水木しげる「墓場鬼太郎」

来年1月からノイタミナ枠でアニメ化される、いわゆる元祖鬼太郎。1960年なので今から約50年前の作品です。今の「悪い妖怪を退治する」というスタイルは7年後の1967年(週刊少年マガジン)からで、元々はホラー漫画みたいな位置づけだったらしい。鬼太郎は地獄(死後の世界)の案内人のような感じで、人間を助けるどころか育ての親を地獄に送ると言う鬼畜っぷり。

当然、今の鬼太郎とは設定がかなり異なります。
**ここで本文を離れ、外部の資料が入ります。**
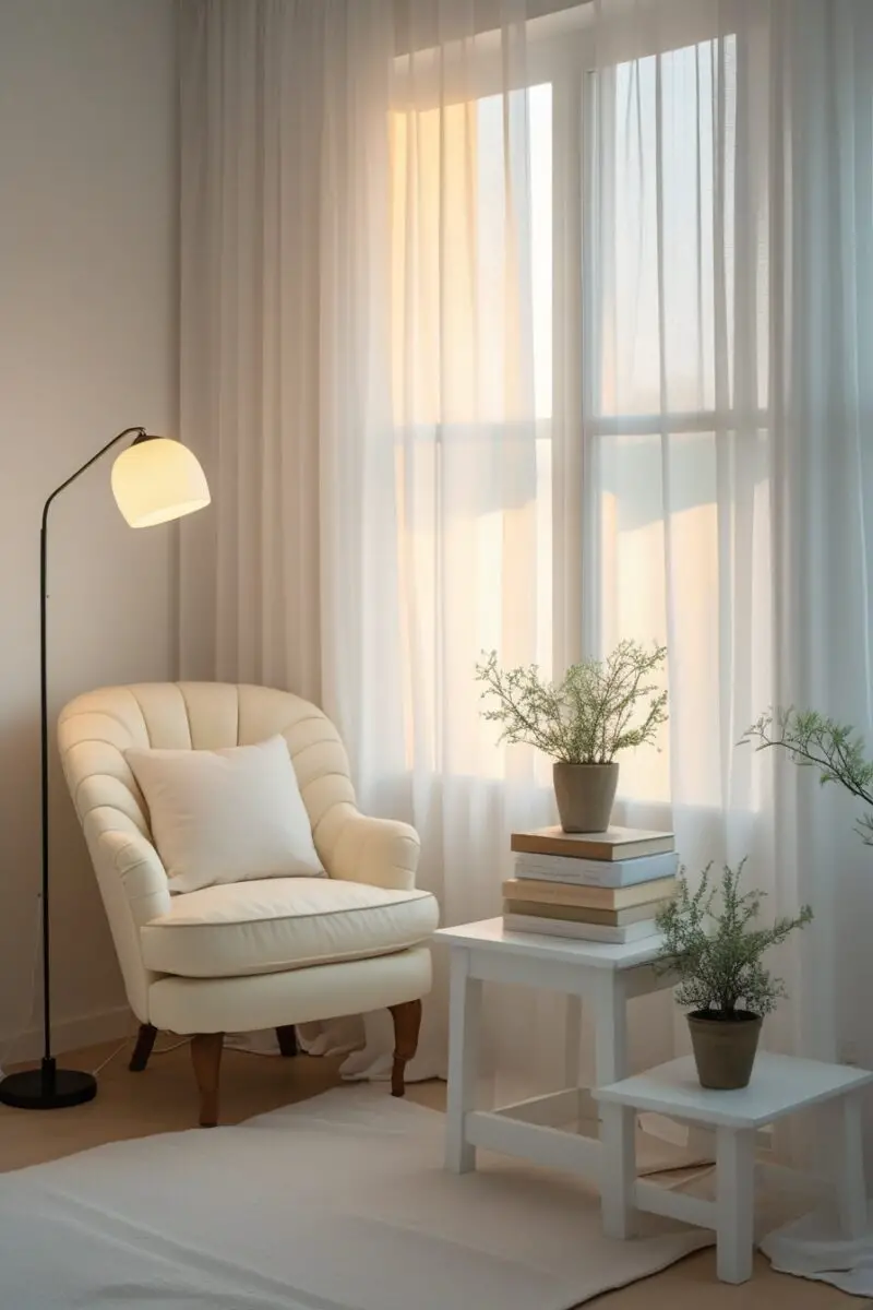 Personal Hack: Use a vintage chair from a thrift store and reupholster it in a soft neutral fabric for a unique, budget-friendly nook.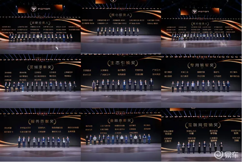 为凝聚合作伙伴共创未来的信心与决心,福田汽车常务副总经理鹿政华主持了核心投资人和战略投资人授牌仪式,现场为45位长期与公司同频共振的战略及核心投资人授牌,他们将获得"专属政策支持、专业人才培养、战略协同共创"等全方位赋能。同时,大会还对全年表现优异的经销商分别授予"区域深耕奖"、"生态引领奖"、“专用领军奖”、"服务贡献奖"、“金融领航奖”、“互联网营销奖”荣誉。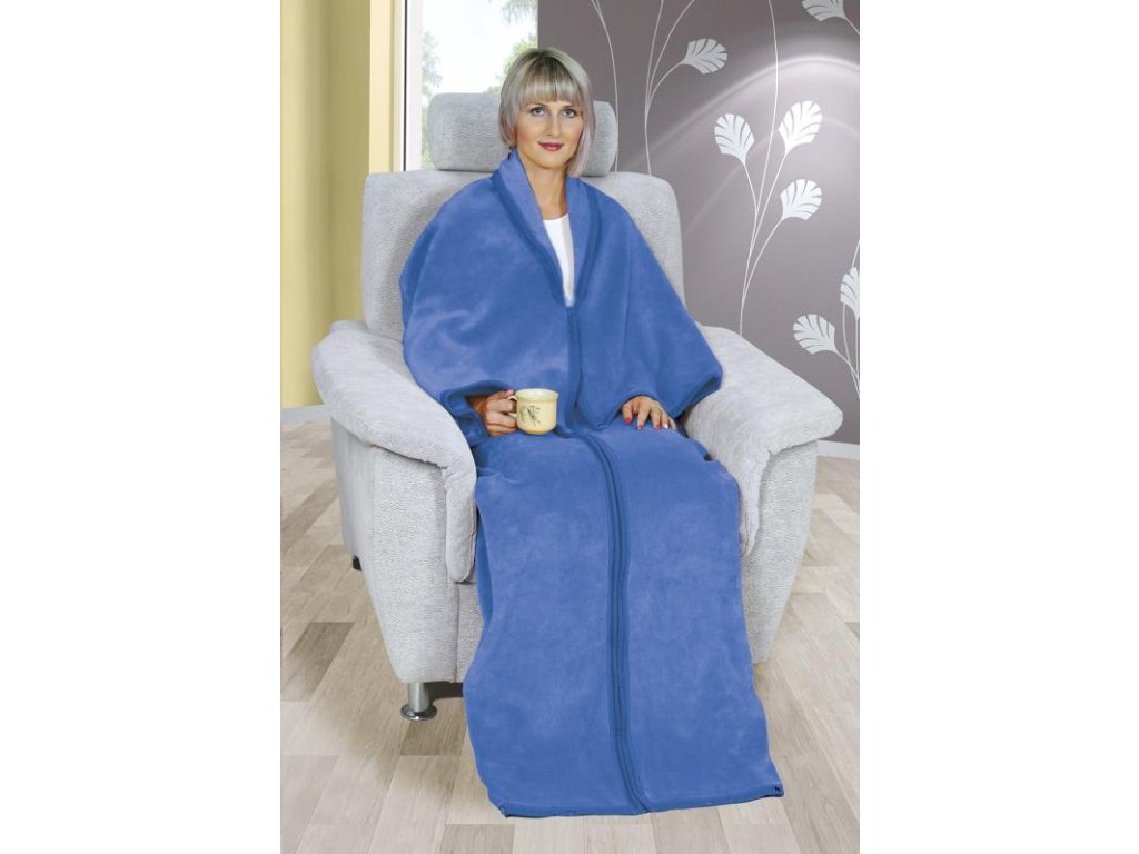 Tento praktický televizní pytel je vyroben z velmi příjemného materiálu, který Vás zahřeje. Je opatřen dělitelným zipem o délce 117cm. Ve spodní části pytle jsou čtyři patenty, které lze zapnout. Tam, kde začíná zip, v horní části, je jeden patent vpravo a jeden vlevo. Zapnutím těchto patentů vytvoříte rukávy. Ve vrchní části je ještě jeden patent, který po zapnutí vytvoří límec. Pytel můžete použít rozepnutý i jako klasickou deku na přikrytí.
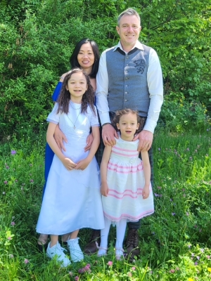Familienbetrieb: Klaus Geb. 1977, Vy Geb. 1982, Elena Geb. 2015, Sophie Geb. 2019, Hund Cian Geb.2024

読んで驚いた点をいくつか。

  • 鬼太郎は人間(普通のサラリーマン)に育てられた
  • 鬼太郎は普通に小学校に通っている(お化けには学校も試験も無いはずなのに!)
    • 先生には「墓場くん」と呼ばれている(シュールだ)
  • クラスメイトに寝子さん(猫娘)がいる
    • 寝子さんは獲物を見つけると猫に変身する
    • 寝子さんはネズミが好物、ゆえにねずみ男も補食対象
    • 鬼太郎、寝子さんをフィアンセにする予定だった
    • 寝子さん、後に歌手デビュー
  • 人気歌手のトランク永井が妖怪に体を乗っ取られる話がある(いいのか?)

などなど。鬼太郎の原点を見る、という意味では非常に興味深く資料的価値もあると思うのですが、これ単体で面白いかと言われるとやや微妙。やはり少年漫画(アニメ)としては現在のようなスタイルの方が良いのかなと思ったり。ただ、猫娘はこの当時から萌えキャラだったような気もします。今は鬼太郎との関係が逆転してますが。

とは言え鬼太郎に興味がある人は面白く読めるはず。毎週日曜朝に鬼太郎を見ている人にはおすすめです。